** Opening Data provided block **
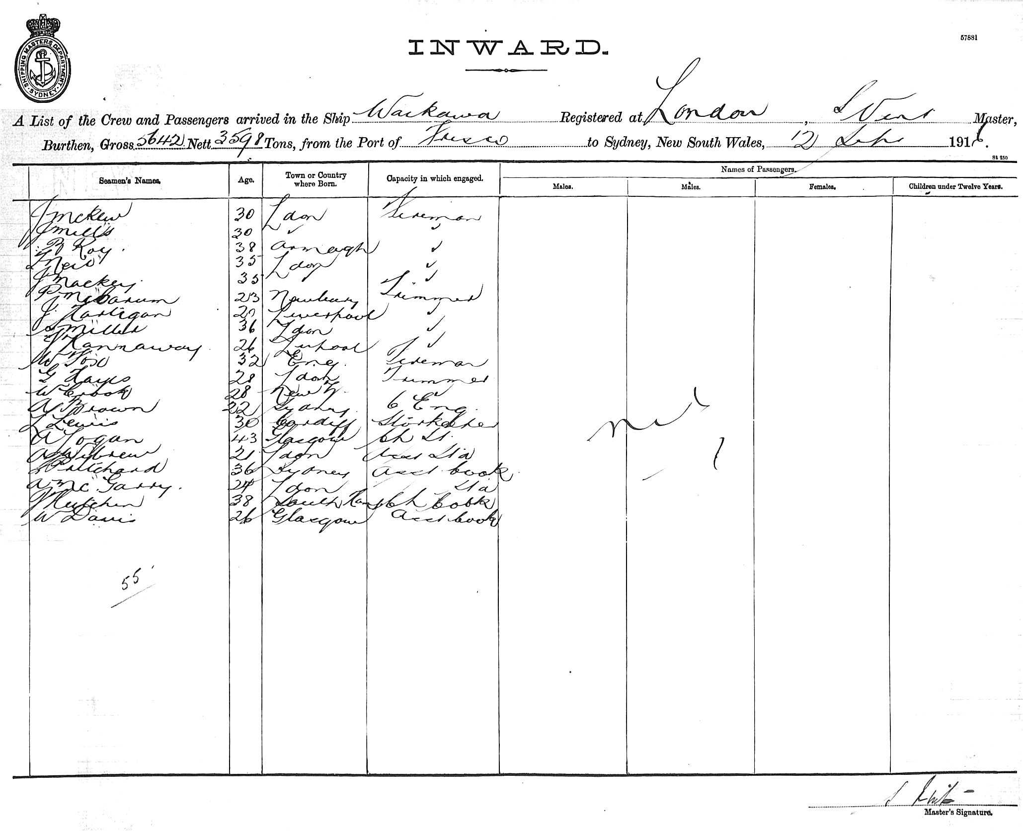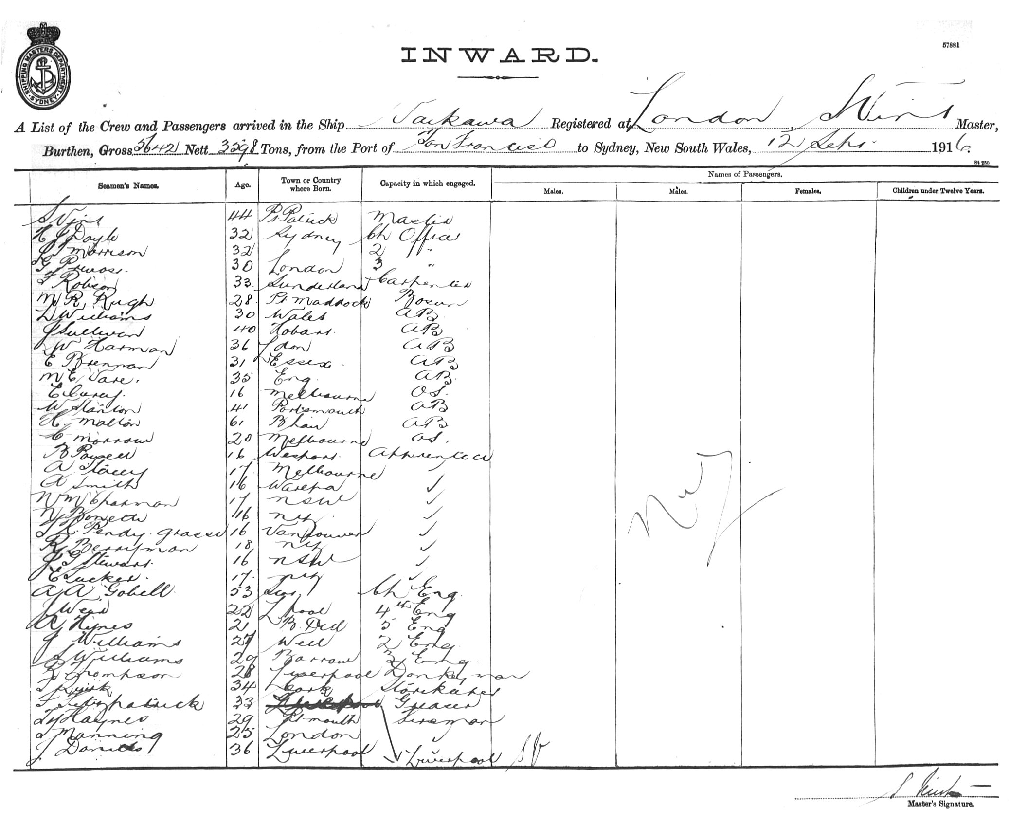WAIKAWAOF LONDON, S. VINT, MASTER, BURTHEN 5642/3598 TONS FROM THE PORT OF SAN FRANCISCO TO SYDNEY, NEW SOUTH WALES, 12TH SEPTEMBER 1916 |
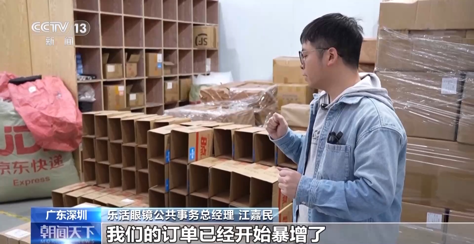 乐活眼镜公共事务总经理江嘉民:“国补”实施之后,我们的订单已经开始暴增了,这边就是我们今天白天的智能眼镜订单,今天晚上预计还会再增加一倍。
** Closing Data provided block **
** Opening Data provided block **
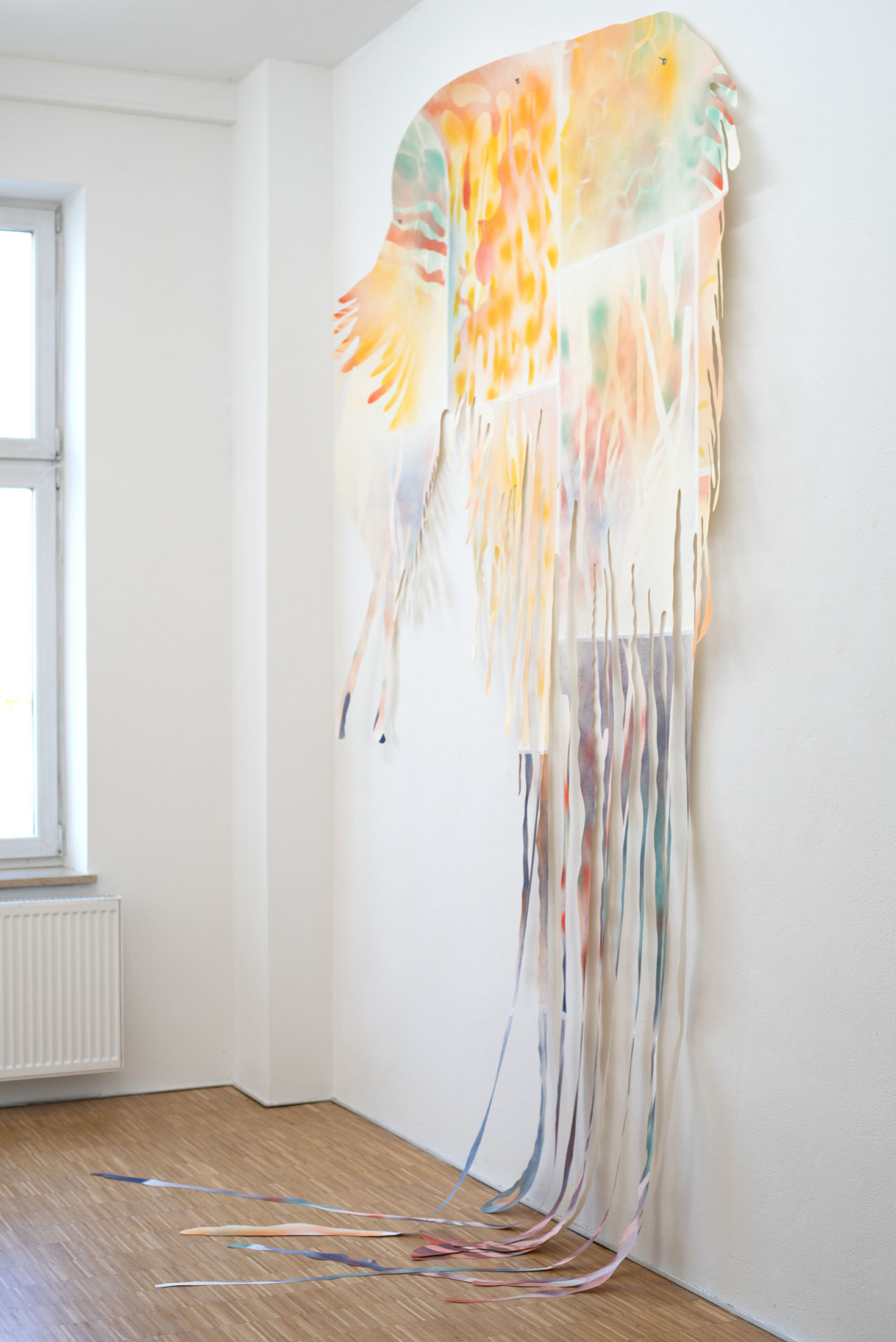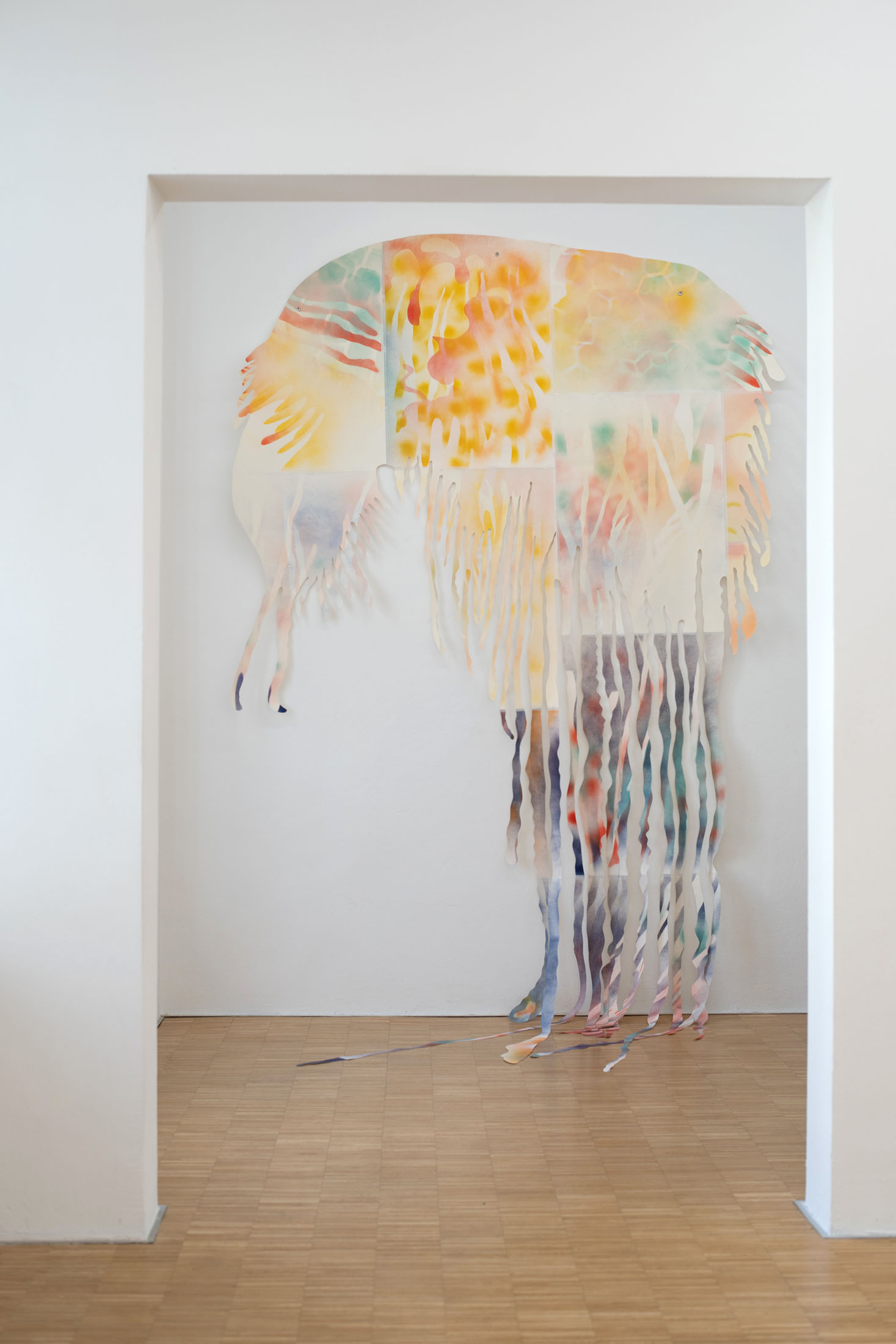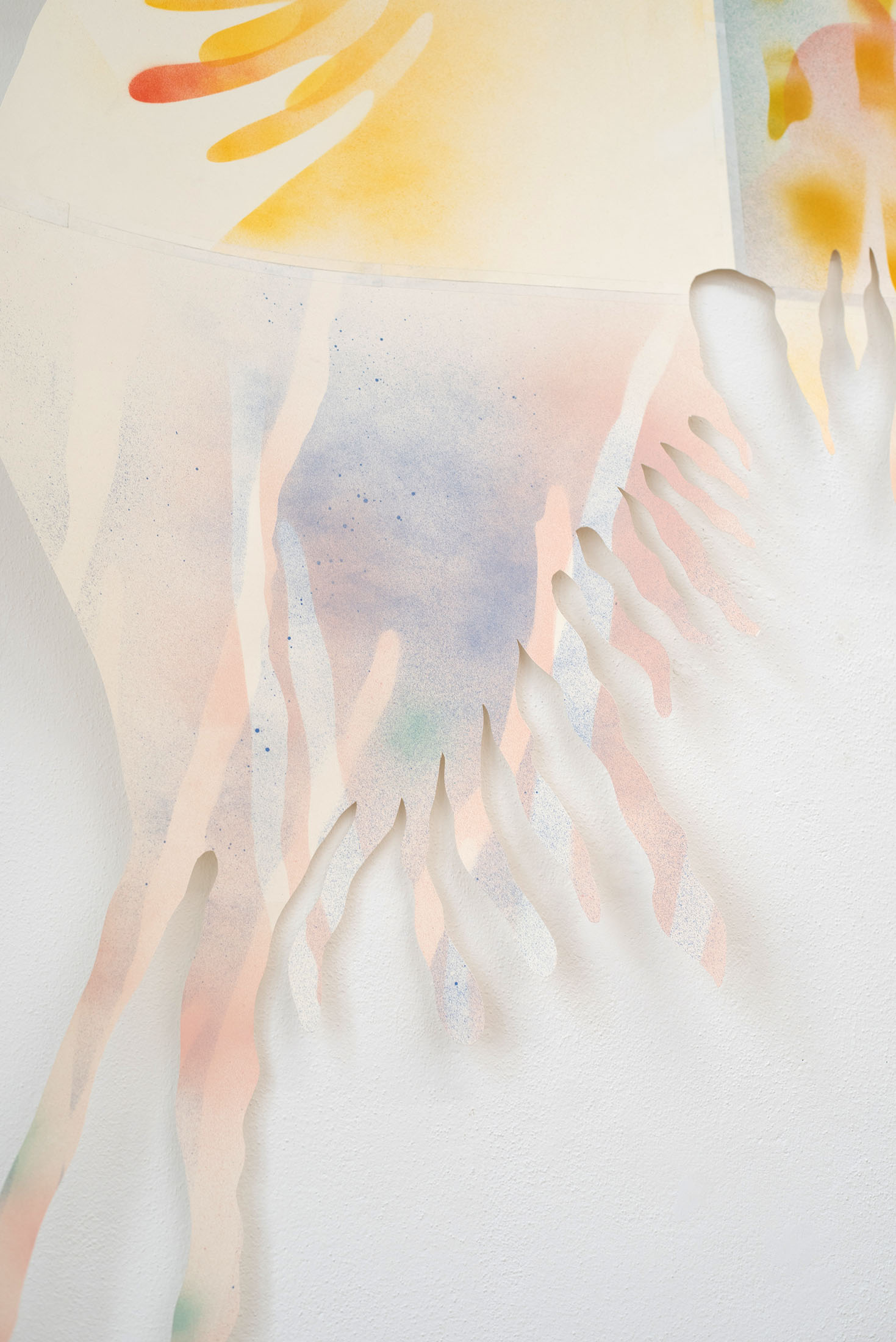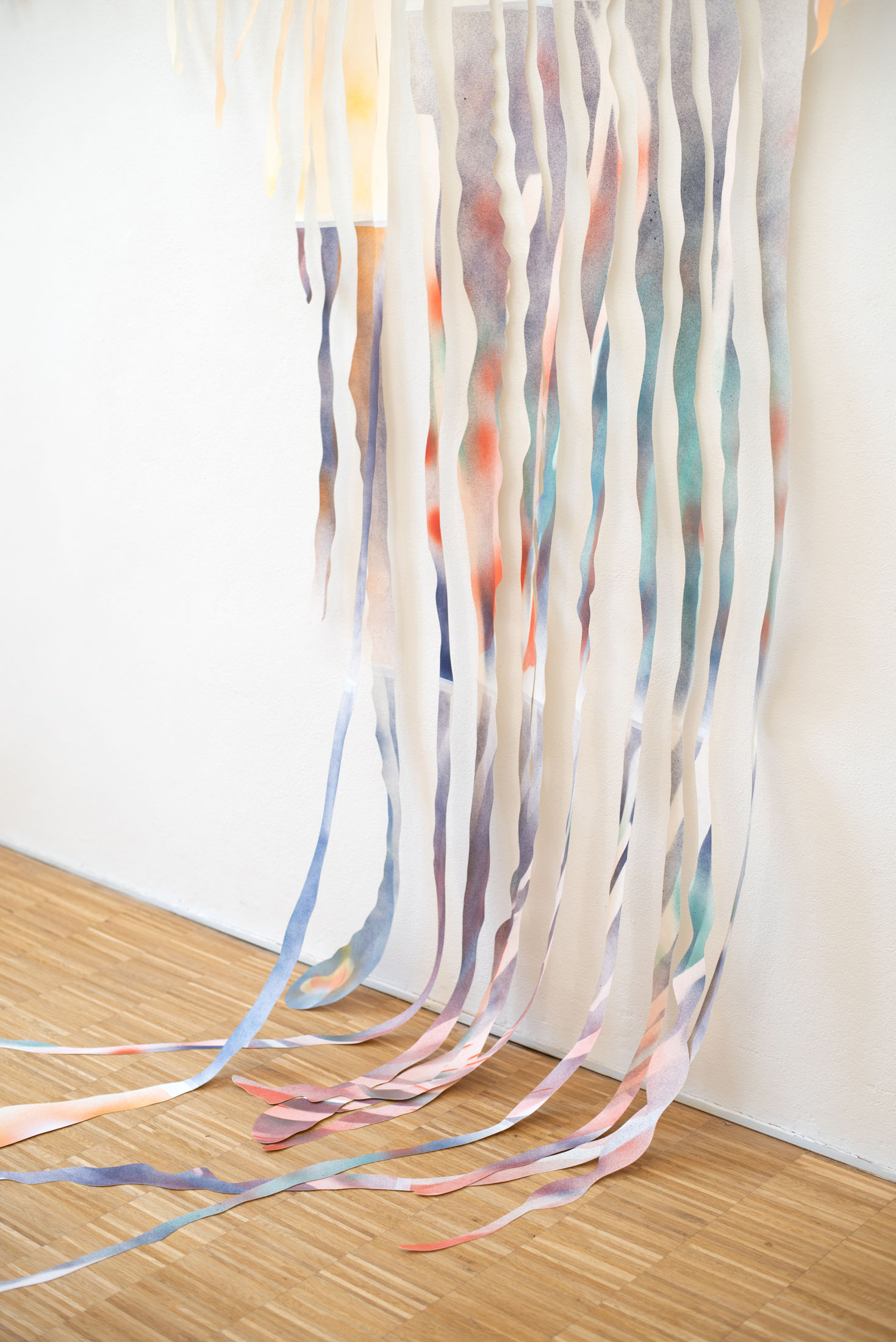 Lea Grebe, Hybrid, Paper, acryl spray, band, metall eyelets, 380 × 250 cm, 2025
** Closing Data provided block **
** Opening Data provided block **
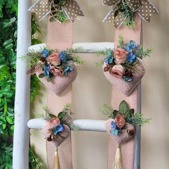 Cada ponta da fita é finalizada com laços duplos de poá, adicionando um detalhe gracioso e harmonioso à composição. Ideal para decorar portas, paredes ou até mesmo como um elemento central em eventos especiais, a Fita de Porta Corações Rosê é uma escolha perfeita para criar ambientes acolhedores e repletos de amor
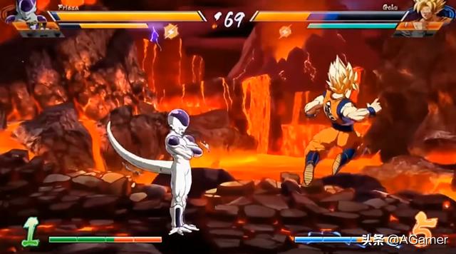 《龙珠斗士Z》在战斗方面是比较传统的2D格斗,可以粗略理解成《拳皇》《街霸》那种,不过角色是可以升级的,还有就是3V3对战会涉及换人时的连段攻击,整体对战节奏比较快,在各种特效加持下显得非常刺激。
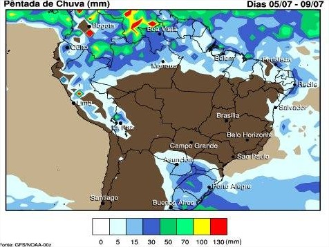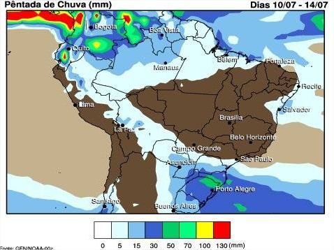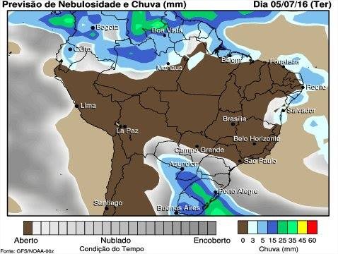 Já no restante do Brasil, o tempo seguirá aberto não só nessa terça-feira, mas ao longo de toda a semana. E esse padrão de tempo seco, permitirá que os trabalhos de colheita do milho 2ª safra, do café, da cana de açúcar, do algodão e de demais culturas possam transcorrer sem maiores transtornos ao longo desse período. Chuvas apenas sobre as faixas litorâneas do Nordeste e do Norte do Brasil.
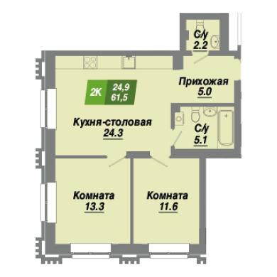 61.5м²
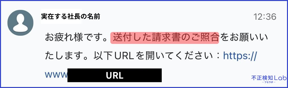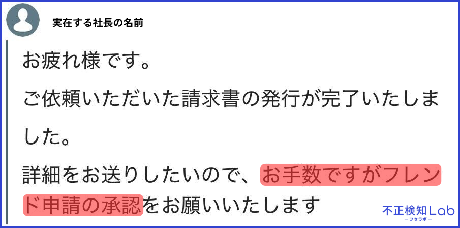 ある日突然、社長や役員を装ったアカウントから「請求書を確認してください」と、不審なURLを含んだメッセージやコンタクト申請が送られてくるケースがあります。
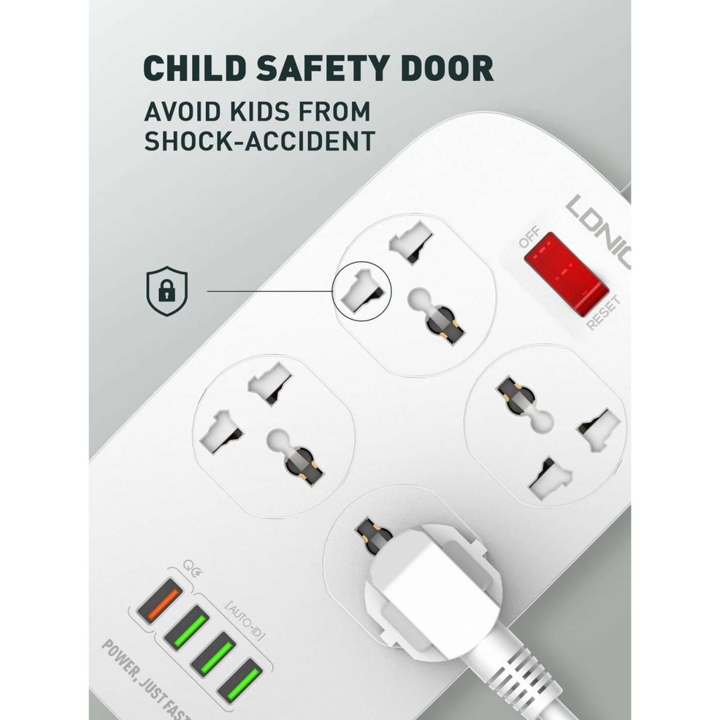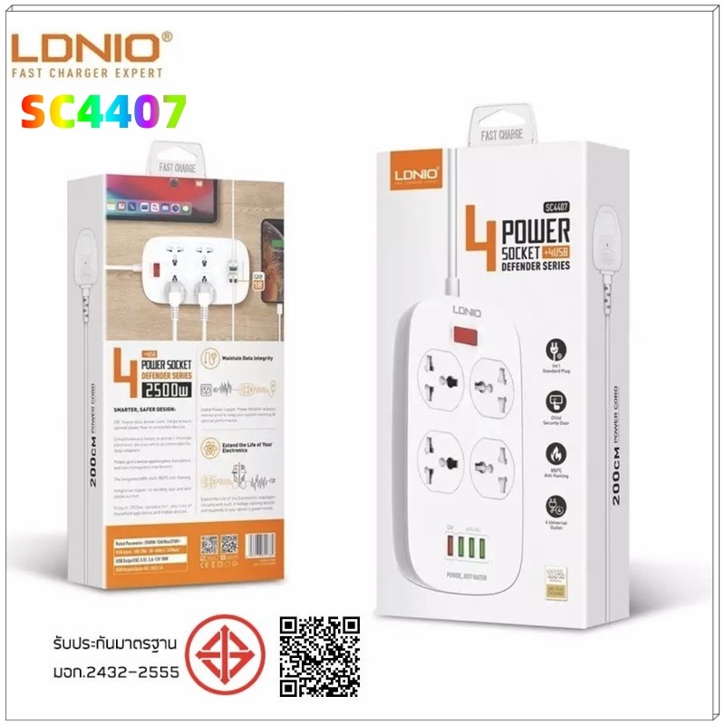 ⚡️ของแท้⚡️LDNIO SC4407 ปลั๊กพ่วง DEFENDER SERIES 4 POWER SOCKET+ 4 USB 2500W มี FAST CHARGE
** Closing Data provided block **
Brief: Above this task is a listing with pictures in it. Retype only the lines from the one containing "ある日突然、社長や役員を装っ" through the one containing "มี FAST CHARGE", both included, and not the pictures.

Answer below:
 ある日突然、社長や役員を装ったアカウントから「請求書を確認してください」と、不審なURLを含んだメッセージやコンタクト申請が送られてくるケースがあります。
 ⚡️ของแท้⚡️LDNIO SC4407 ปลั๊กพ่วง DEFENDER SERIES 4 POWER SOCKET+ 4 USB 2500W มี FAST CHARGE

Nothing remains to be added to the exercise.